Since the beginning of his second term, President Donald Trump has centralized power within the executive branch, a move that has raised significant concerns about the implications for American democracy and governance. While many have scrutinized his reliance on executive orders, his appointments based on personal loyalty, and his reactions to dissenting judges, what is equally alarming is his approach to international treaties.
Traditionally, significant foreign treaties are ratified through a two-thirds majority vote in the U.S. Senate or a majority vote in both houses of Congress. Treaties negotiated and signed solely by the president are typically limited to minor matters and are known as “sole executive agreements.” Historically, all major treaties—those that established the United Nations, the World Bank, NATO, and many others that addressed tariff reductions, human rights, and criminal extradition—have required some form of congressional consent. Congress has also rejected treaties it deemed inadequate, such as the Treaty of Versailles and the Comprehensive Nuclear Test Ban Treaty.
However, the current climate under Trump signals a potential dismantling of this foundational treaty-making system. The president has entered into agreements with foreign nations without submitting them to Congress for approval, treating the power to make treaties as an executive prerogative. His direct engagement in agreements, such as the recent deal with Ukraine concerning critical mineral resources, exemplifies his unilateral approach. In his first six months in office, Trump authorized numerous international agreements—many of which are not binding—while invoking expansive claims of presidential authority to classify them as sole executive agreements.

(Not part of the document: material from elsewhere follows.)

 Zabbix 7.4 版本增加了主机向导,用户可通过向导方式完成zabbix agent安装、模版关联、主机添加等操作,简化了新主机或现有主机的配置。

This unprecedented personalization of treaty-making draws unsettling parallels to historical monarchs, who often entered into personal treaties that expired with their reign. The 18th-century legal scholar Emer de Vattel distinguished between personal treaties, which were transient and tied to individual rulers, and formal treaties that were enduring and attached to the state itself. The evolution of international law throughout the 16th and 17th centuries gradually shifted treaty-making authority away from monarchs to sovereign states, requiring legislative approval regardless of the head of state’s title.

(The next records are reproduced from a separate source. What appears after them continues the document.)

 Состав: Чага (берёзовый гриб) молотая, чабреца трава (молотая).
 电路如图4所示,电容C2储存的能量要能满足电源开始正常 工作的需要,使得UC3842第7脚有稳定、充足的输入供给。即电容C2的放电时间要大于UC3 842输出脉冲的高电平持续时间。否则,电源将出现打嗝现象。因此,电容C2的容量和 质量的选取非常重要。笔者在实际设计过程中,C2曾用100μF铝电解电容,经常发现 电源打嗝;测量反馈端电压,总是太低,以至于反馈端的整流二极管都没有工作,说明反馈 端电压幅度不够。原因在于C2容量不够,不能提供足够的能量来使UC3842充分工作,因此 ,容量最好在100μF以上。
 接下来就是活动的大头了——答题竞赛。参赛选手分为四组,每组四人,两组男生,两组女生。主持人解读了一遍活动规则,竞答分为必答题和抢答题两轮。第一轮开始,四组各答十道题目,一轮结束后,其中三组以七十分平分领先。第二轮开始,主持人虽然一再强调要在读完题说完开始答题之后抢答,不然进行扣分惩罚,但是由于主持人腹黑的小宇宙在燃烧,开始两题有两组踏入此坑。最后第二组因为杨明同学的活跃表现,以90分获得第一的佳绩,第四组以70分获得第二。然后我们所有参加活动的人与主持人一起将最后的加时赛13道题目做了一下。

Trump’s circumvention of Congress not only contradicts modern international law but also poses significant risks: foremost among them is a lack of transparency. Former President Woodrow Wilson famously advocated for the end of secret treaties, a call that has been echoed throughout international agreements. The current administration’s trade deals remain largely undisclosed, leaving the American public unaware of the commitments made in their name. For instance, the texts of agreements with Japan and South Korea have not been made public, leading to disputes regarding the administration’s characterizations of these deals.
Moreover, Trump’s agreements could impose financial obligations on the country, a power constitutionally reserved for the House of Representatives. The potential implications of Trump’s negotiations with foreign leaders, particularly concerning sensitive issues like the Russia-Ukraine conflict, could lead to dire consequences. If Trump were to position the U.S. as a guarantor of a peace treaty that recognizes Russian territorial claims, it could violate international law and entangle the U.S. in military actions based on questionable premises.

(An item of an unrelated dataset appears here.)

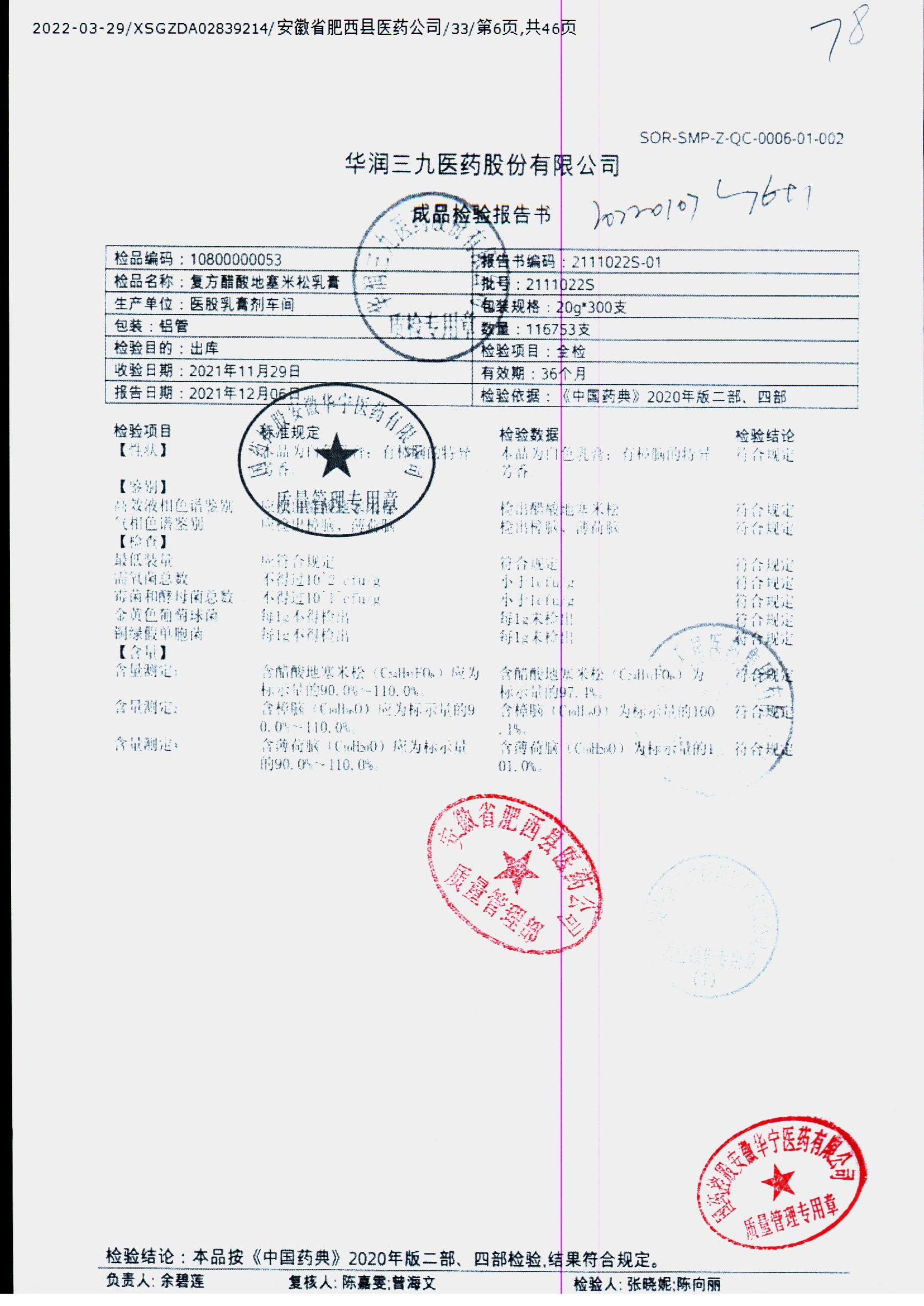 | 復(fù)方醋酸地塞米松乳膏 | 20g | 21110225-01 | 查看詳情 |

Additionally, Trump’s personal agreements risk conflicting with previously ratified treaties, as seen in ongoing negotiations with Canada, Mexico, and South Korea. These sole executive agreements could undermine earlier accords, raising further constitutional concerns.
The opacity surrounding these personal agreements complicates the judiciary’s role in protecting individual rights. Instances have arisen where agreements were not disclosed, leaving courts unable to determine their legality. For example, the arrangement with El Salvador that involved deportations remained secret until recently, making it impossible for courts to rule on the legality of actions taken under this agreement.
In a historical context, Alexander Hamilton articulated the need for a balanced approach to treaty-making in the Federalist Papers, emphasizing a departure from the absolute authority of hereditary monarchs. He argued that an elective president should not wield unilateral treaty-making power, a principle enshrined in the Constitution, which requires shared authority between the president and Congress.
As Congress grapples with the implications of Trump’s treaty policies, it is vital for legislators to reclaim their role in this process. Although the current Congress may be reluctant to confront the president, it is imperative for those who value the integrity of U.S. foreign relations to demand transparency and adherence to lawful treaty-making practices. Congress must insist that Trump provide the full text of all treaties and significant political agreements, and consider restricting funding for treaties that bypass legislative approval. Without a revival of congressional authority in treaty-making, the U.S. risks sliding into a system where international commitments are dictated solely by the whims of the president, undermining the foundational principles of democracy and accountability in foreign policy.